Why bother with the Arts and Humanities?
There are a number of calls for arts and humanities education emerging from the popular press and famous novellists. Un journaliste dans le pays des deux solitudes : A Challenge to the Social Sciences and Humanities by Graham Fraser of the Toronto Star is an interesting example because he cites a similar call by his father in the 50s. Does anything change?
See also an essay based on Atwood’s 2004 Kesterton Lecture at Carleton. She reviews her two “science fiction” novels, The Handmaid’s Tale and Oryx and Crake. At the end she concludes aon the importance of an arts education over technology training.
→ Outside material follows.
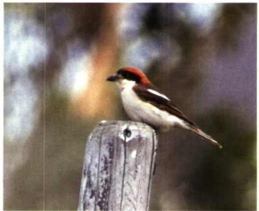
107 Pacific Swift / Siberische Gierzwaluw Apus pacificus , Cley, Norfolk, England, 30 May 1993 108 Oriental Pratincole / Oosterse Vorkstaartplevier Glaucopis trichoptera , Norfolk, England, May 1993 109 Ring-billed Gull / Ringsnavelmeeuw Larus delawarensis , Halmstad, Halland, Sweden, 29 May 1993 110 Balearic Woodchat Shrike / Balearische Roodkopklauwier Lanius senator badius , Voorhout, Zuidholland, 6 June 1993

adult Slender-billed Gulls L genei seen and photographed on 20 (one) and 21 May (two) in Rheindelta, Vorarlberg, constituted the second record for Austria. The first for Finland involved an adult staying at Pori from 23 May until at least 22 June. The fifth and the first twitchable Ring-billed Gull L delawarensis for Sweden concerned an adult present at Halmstad, Halland, from 21 May until at least mid-June. The first for Austria, an adult staying since 7 April in Rheindelta, Vorarlberg, was still present on 22 May. The Yellow-legged Gull L cachinnans staying for the fourth winter at Washington, DC, USA, was last reported on 26 March. The third Kittiwake Rissa tridactyla for Hong Kong was a first-winter bird at Mai Po on 3 April. In Ireland, a Gull-billed Tern Gelochelidon nilotica was seen at Ballycotton, Cork, on 28-29 April. On 3 May, the female Lesser Crested Tern Sterna bengalensis

“An educational system that teaches us only about our tools – the How To of them, their creation, their maintenance – and not about their function as facilitators of our desires, is, in essence, no more than a school of toaster repair. You can be the best toaster repair person in the world, but you will cease to have a job if toast is no longer a desirable food item on the human breakfast menu. ‘The Arts’ – as we’ve come to term them – are not a frill. They are the heart of the matter, because they are about our hearts, and our technological inventiveness is generated by our emotions, not by our minds. A society without the arts would have broken its mirror and cut out its heart. It would no longer be what we now recognize as human.” (The Globe and Mail, Jan. 24, 2004, A19, Final paragraph, collumn E or 5)
My sense is that the HSSFC and SSHRC are mounting a deliberate campaign to enroll public persons to call for more investment in the arts and humanities (and social sciences.)